## TASK STATEMENT
An exact copy is required of every line from the one with "2 February 2025;" through the end of the data below, and the pictures must stay out of it.

## EXERCISE DATA
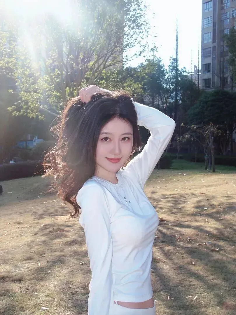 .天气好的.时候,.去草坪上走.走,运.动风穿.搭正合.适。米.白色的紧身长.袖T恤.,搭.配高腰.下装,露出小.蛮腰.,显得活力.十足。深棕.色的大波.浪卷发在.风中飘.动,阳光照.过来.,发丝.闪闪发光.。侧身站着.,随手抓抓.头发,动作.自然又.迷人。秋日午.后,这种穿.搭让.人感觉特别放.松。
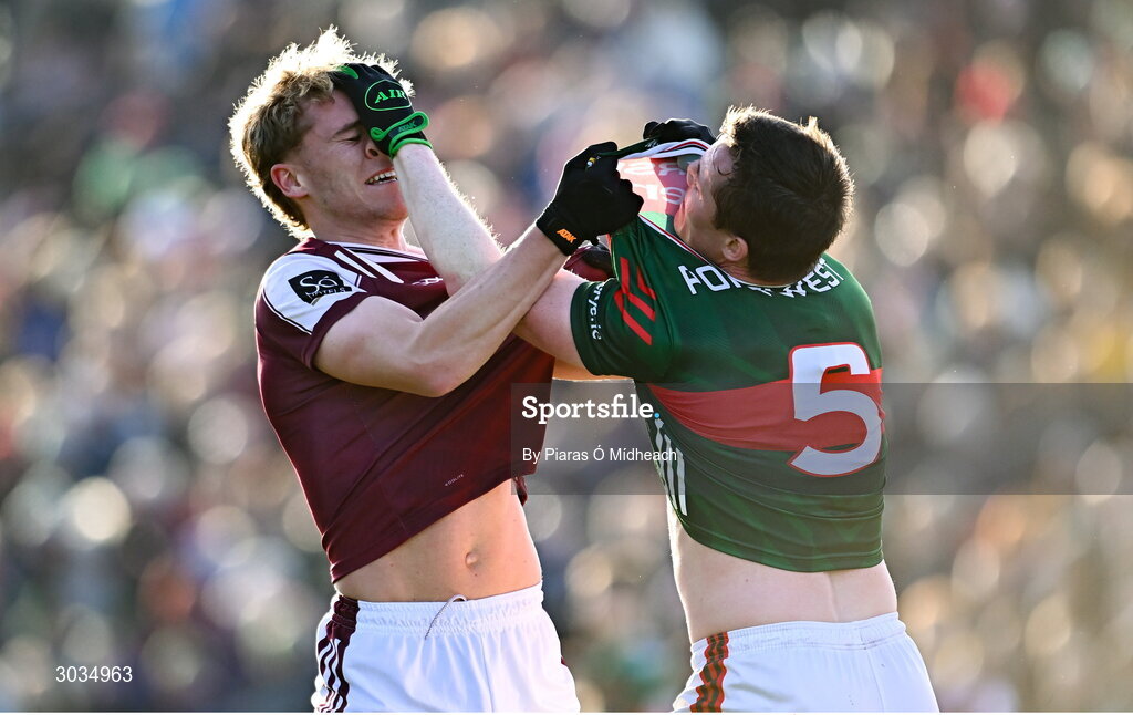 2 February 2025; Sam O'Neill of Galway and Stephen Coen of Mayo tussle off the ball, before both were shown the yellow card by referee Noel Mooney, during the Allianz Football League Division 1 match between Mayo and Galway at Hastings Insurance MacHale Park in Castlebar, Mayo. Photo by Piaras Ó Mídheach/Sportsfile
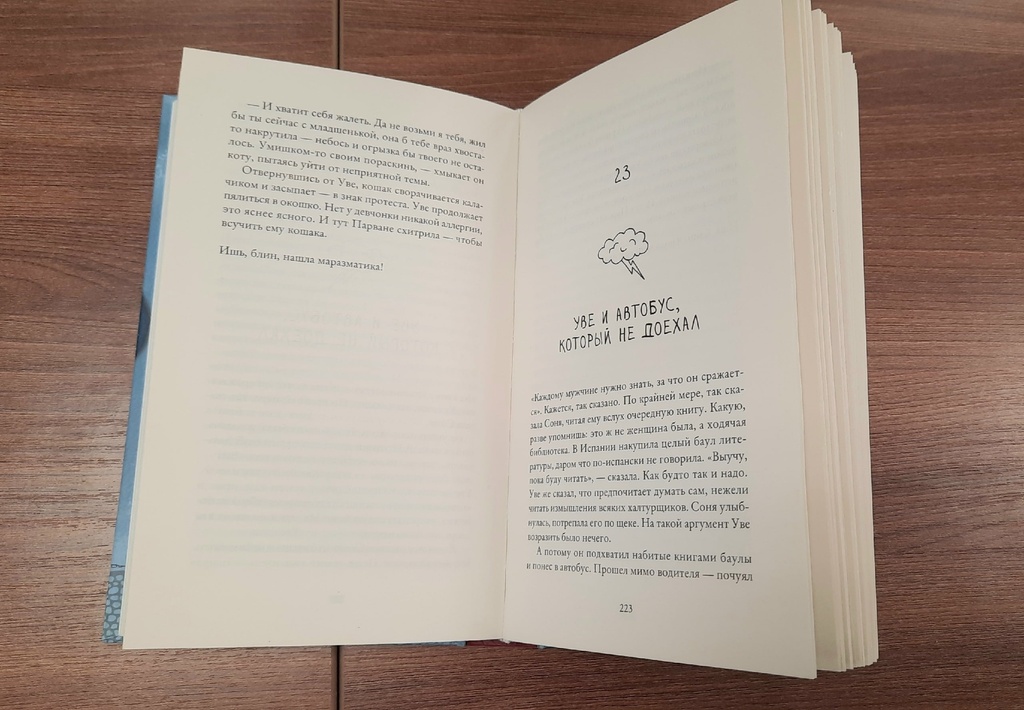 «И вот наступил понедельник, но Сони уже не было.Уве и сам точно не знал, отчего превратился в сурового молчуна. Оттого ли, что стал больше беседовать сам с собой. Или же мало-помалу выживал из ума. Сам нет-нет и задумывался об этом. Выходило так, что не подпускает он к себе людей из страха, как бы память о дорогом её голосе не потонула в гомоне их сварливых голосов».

## TASK ANSWER
 2 February 2025; Sam O'Neill of Galway and Stephen Coen of Mayo tussle off the ball, before both were shown the yellow card by referee Noel Mooney, during the Allianz Football League Division 1 match between Mayo and Galway at Hastings Insurance MacHale Park in Castlebar, Mayo. Photo by Piaras Ó Mídheach/Sportsfile
 «И вот наступил понедельник, но Сони уже не было.Уве и сам точно не знал, отчего превратился в сурового молчуна. Оттого ли, что стал больше беседовать сам с собой. Или же мало-помалу выживал из ума. Сам нет-нет и задумывался об этом. Выходило так, что не подпускает он к себе людей из страха, как бы память о дорогом её голосе не потонула в гомоне их сварливых голосов».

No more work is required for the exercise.